Question

How do you write an equation of the line with slope -3 and y-intercept \[(0, - 5)\] .

Answer 1

Hint: We first find the value of slope by comparing the given equation of line to the general equation of line. Use the concept of parallel lines having the same slope and write slope of the parallel line equal to slope of given line. Use slope intercept form to write the equation of the line having y-intercept and having the slope of the given equation of line.
$*$ General equation of the line is \[y = mx + c\] , where ‘m’ is the slope of the line and ‘c’ is the value of the y-intercept.

Complete step by step solution:
We know general equation of a line using slope intercept form is given by \[y = mx + c\]
Now use slope intercept formula with slope \[m = - 3\] and y-intercept as -5
So, equation of line with slope \[m = - 3\] and y-intercept -5 is:
\[ \Rightarrow y = - 3x + ( - 5)\]
Multiply sign outside the bracket to the sign inside the bracket
\[ \Rightarrow y = - 3x - 5\]
Take all values to left hand side of the equation
\[ \Rightarrow 3x + y + 5 = 0\]
\[\therefore \] The equation of the line having slope as -3 and having y-intercept -2 is \[3x + y + 5 = 0\].
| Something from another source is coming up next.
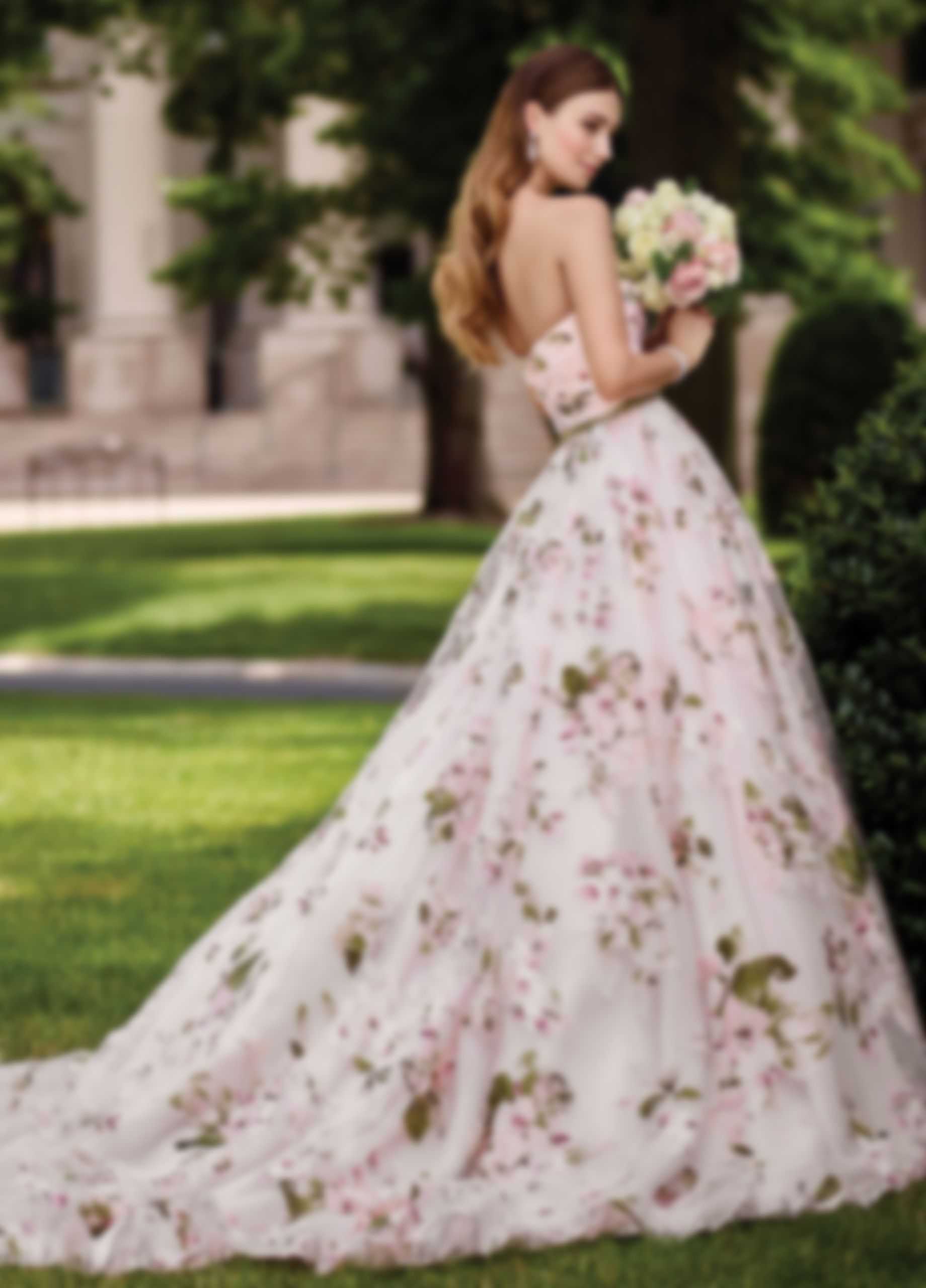 В некоторых коллекциях можно заметить свадебные платья с цветочным принтом. Этот тренд также можно использовать для своей свадьбы.

Note: Many students make the mistake of substituting both the values from the point i.e. x as 0 and y as -5 while forming the equation of line which is wrong. Keep in mind in slope intercept form, c is the value of y-intercept i.e. observing the point given we have to see only the ordinate part of the point. If we substitute both values of ‘x’ and ‘y’ from the point given, we will get an equation only with variable ‘y’ which can be solved as y equal to some constant value which gives us slope as 0, which is a contradiction.